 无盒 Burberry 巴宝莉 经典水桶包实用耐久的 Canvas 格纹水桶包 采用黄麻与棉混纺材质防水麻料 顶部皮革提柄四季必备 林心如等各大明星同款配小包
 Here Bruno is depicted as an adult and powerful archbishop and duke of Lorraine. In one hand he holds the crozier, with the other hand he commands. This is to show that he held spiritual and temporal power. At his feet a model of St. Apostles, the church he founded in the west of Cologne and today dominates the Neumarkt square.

==

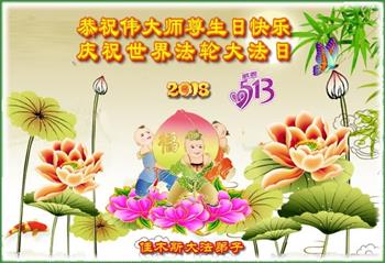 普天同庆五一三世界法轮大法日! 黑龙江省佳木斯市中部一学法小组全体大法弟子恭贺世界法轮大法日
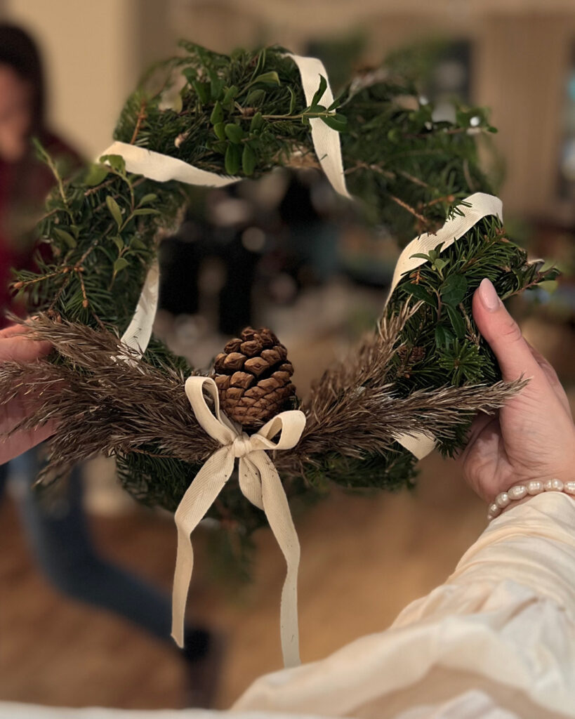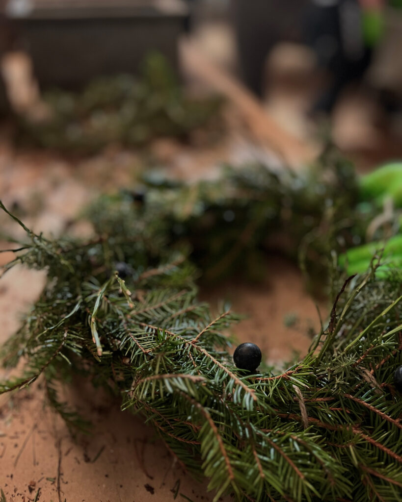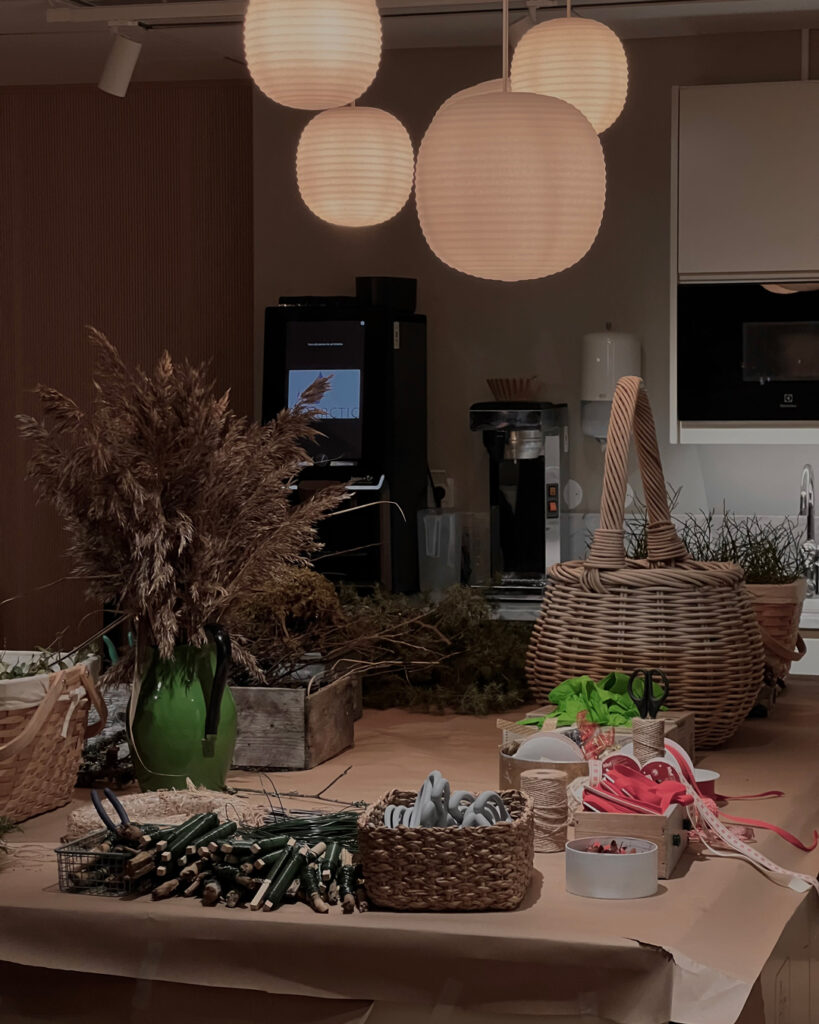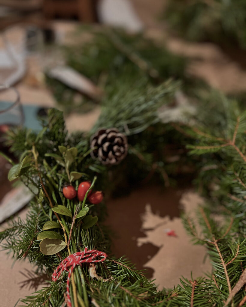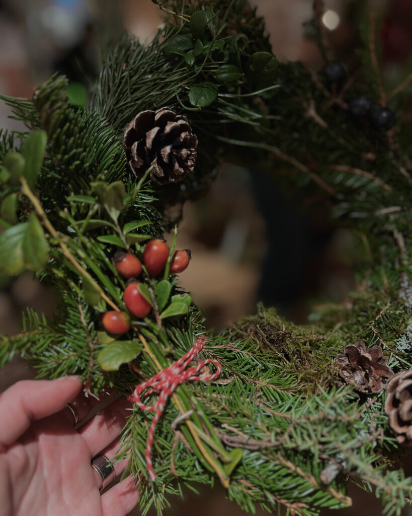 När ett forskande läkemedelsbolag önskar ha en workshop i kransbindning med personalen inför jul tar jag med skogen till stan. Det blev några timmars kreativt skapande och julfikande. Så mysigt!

--

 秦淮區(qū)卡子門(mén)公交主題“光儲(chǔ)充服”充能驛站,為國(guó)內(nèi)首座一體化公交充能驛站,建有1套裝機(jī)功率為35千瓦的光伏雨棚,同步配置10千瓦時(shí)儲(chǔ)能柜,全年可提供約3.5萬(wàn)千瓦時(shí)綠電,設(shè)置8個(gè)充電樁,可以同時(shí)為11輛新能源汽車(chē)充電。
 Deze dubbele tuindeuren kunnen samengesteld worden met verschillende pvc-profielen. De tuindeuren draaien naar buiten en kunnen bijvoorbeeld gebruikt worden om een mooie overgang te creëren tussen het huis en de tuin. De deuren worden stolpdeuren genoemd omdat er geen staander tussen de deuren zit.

*Your instructions*.
In the listing above, find the line with "普天同庆五一三世界法轮大法日" and the line with "När ett forskande". Transcribe those two and everything between, exactly, leaving out pictures.

*Response to this task*.
 普天同庆五一三世界法轮大法日! 黑龙江省佳木斯市中部一学法小组全体大法弟子恭贺世界法轮大法日
 När ett forskande läkemedelsbolag önskar ha en workshop i kransbindning med personalen inför jul tar jag med skogen till stan. Det blev några timmars kreativt skapande och julfikande. Så mysigt!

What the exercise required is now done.